En la historia reciente de nuestro país, tan atribulado, en la que habíamos presenciado y padecido muchos abusos y desaciertos, no tuvimos la dolorosa experiencia de ver al presidente de los mexicanos, depositario de una dignidad suprema, arremeter con semejante brío contra un ciudadano —o más, contra un grupo de mexicanos— y utilizar instrumentos del poder para difamar y amedrentar. Peor aún: para exponer a quienes no comparten sus ideas ni aprueban sus medidas a acciones de ira y represalia que podrían llegar a extremos gravísimos. De la violencia verbal a la violencia física sólo hay un paso. No debe darlo (pero lo está dando) quien es depositario de la suprema autoridad en una sociedad democrática, que hoy se debate en la incertidumbre y el desconcierto.
Para colmo de males —éramos muchos y parió la abuela, dice una expresión popular— la misma voz iracunda que arremete contra ciudadanos y libertades básicas, también trasciende las fronteras y embiste a países con los que debemos tener relación positiva y respetuosa. El airado combatiente de las matinées cuestiona la conducta de empresarios que abusan de la hospitalidad y merman los recursos de México. Ahora bien, en lugar de comprobar los cargos que formula con furor patriótico y actuar por las vías legales a su alcance, toma la espada y se lanza contra gobiernos y naciones, sin reflexionar sobre el daño que así causa al país que él preside. Estas andanzas lesionan a México. En un brote de xenofobia, alimentada por el recuerdo de muy antiguos males, el orador de las mañaneras promueve frentes de batalla e invita a sus compatriotas a abrir heridas y ejercer venganzas.

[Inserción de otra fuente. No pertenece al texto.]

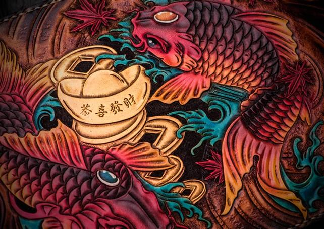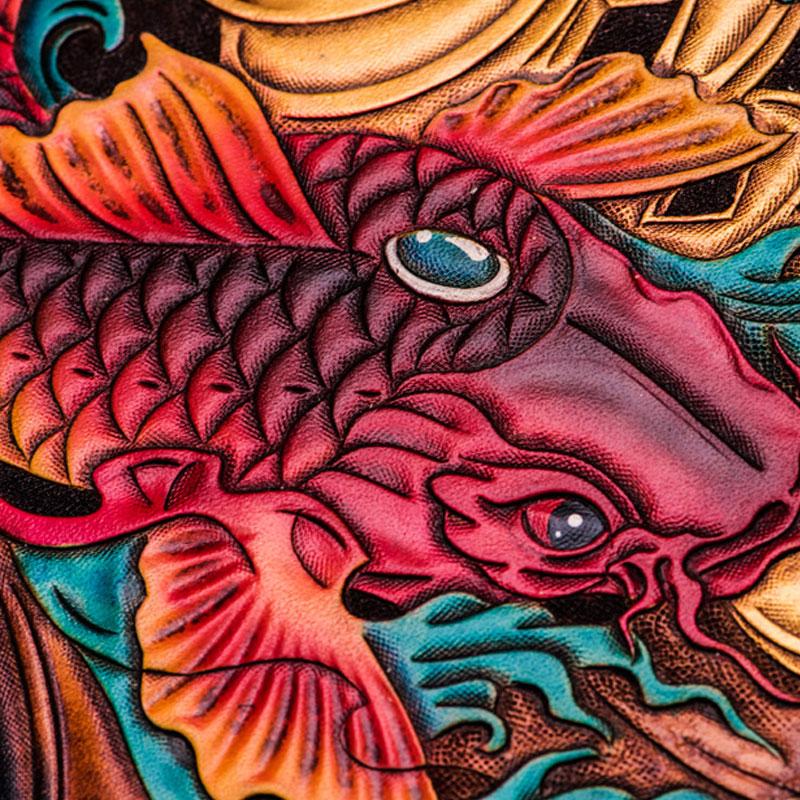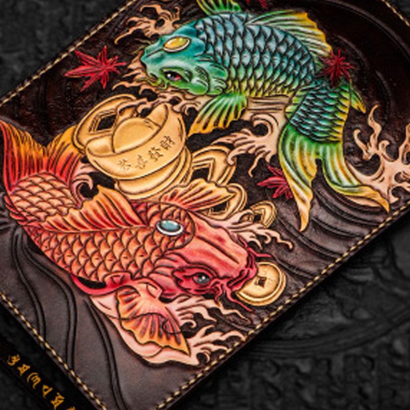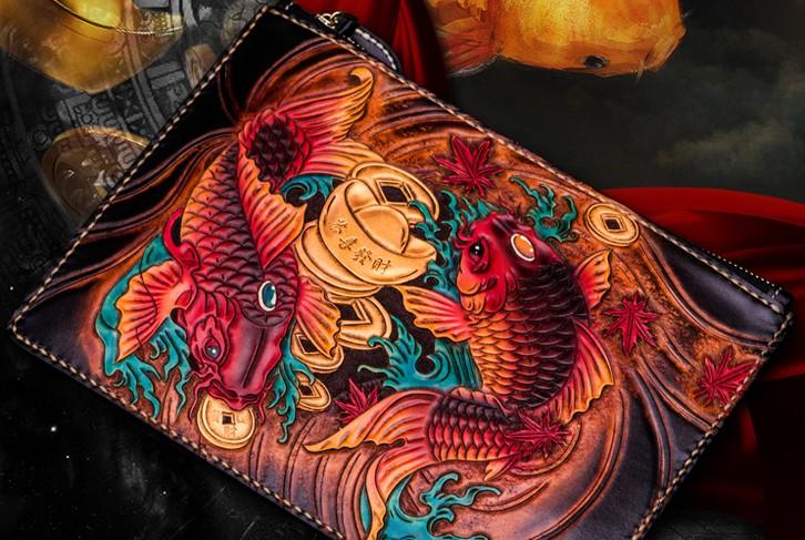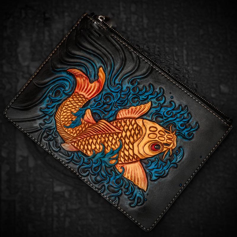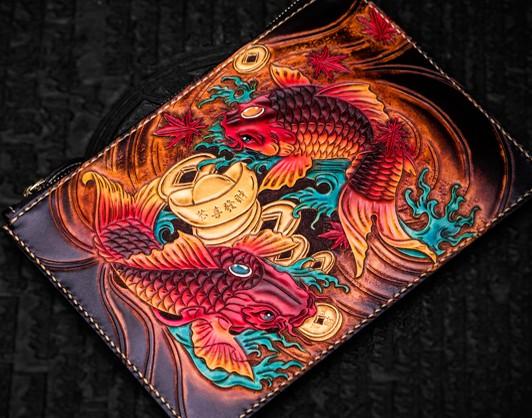 Style: Handmade Leather Carp Tooled Wristlet Bag iPad Bag Mens Cool Leather Wallet Long Clutch for Men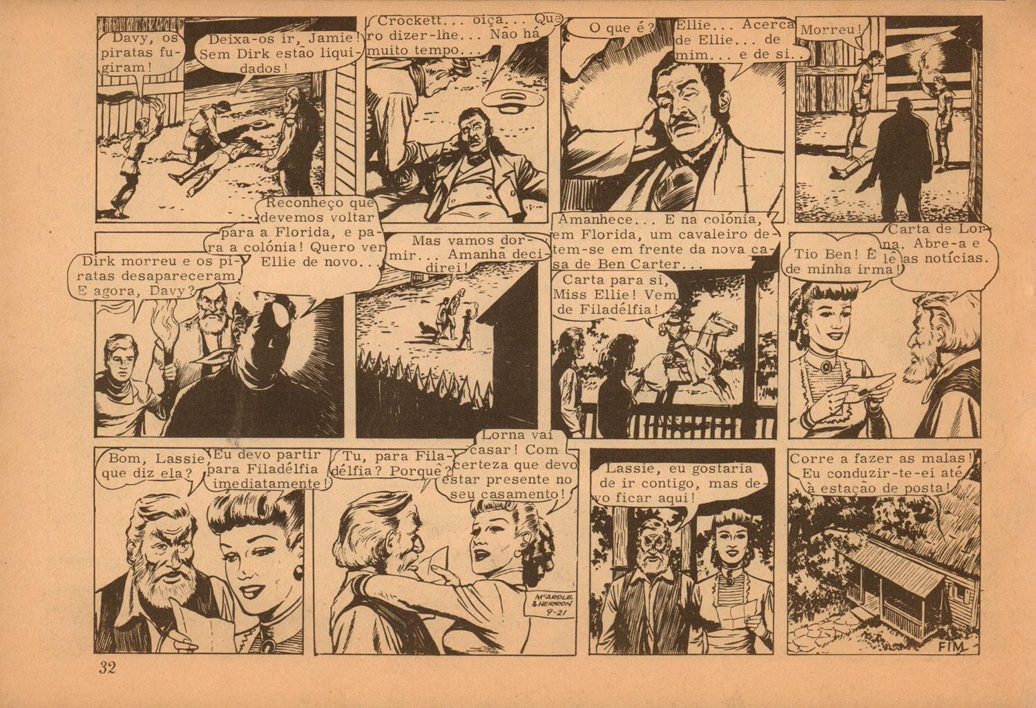 Aunque el tebeo portugués es, por desgracia, un absoluto desconocido para el aficionado español, algunas veces llegan a los mercadillos de reventa ejemplares de colecciones del país vecino. En una de mis búsquedas por el Rastro madrileño di con dos de estos ejemplares: una novelita gráfica en blanco y negro de 17,5x12,5 centímetros con el curioso título Nos dias truculentos do Boxe antigo! en bastante mal estado y a la que le faltan una docena de páginas de las 64 de que constaba, con una historia de ambiente pugilístico sin firma que parece traducción de un original británico, y el número 17 de la colección Águia, un cuaderno de 15x22 centímetros con 32 páginas más cubiertas, también en blanco y negro, con precio de portada de 25 tostoẽs, cuyo contenido consistía en un episodio de la serie de Herron y McArdle que comenzaba con la página dominical de fecha 3 de junio de 1956 y concluía con la tira del 22 de septiembre del mismo año.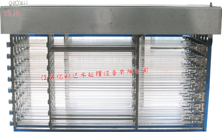 每個(gè)標(biāo)準(zhǔn)化紫外消毒模塊由一個(gè)不銹鋼燈架、紫外燈管、石英套管、配電系統(tǒng)及數(shù)據(jù)采集系統(tǒng)組成。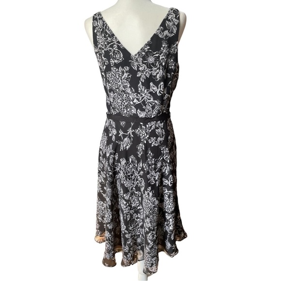 LOFT Black, And White Floral Print Sleeveless Dress 8

Sí, el sembrador de vientos cosecha tempestades. Y claro está que estos torbellinos envuelven y lastiman a una nación que padece múltiples dolencias y clama por la solución de problemas verdaderos que no tienen alivio. Mientras se cubre de denuestos a un periodista y se combate contra el extranjero, los nacionales padecen enfermedades que no se mitigan, enfrentan carencias que no se remedian y violencias que no ceden. ¿Cuándo cesará este ánimo rijoso, esta siembra de odios y discordias, y se aplicará la fuerza de la nación, conducida por manos competentes, a resolver los enormes problemas que nos aquejan?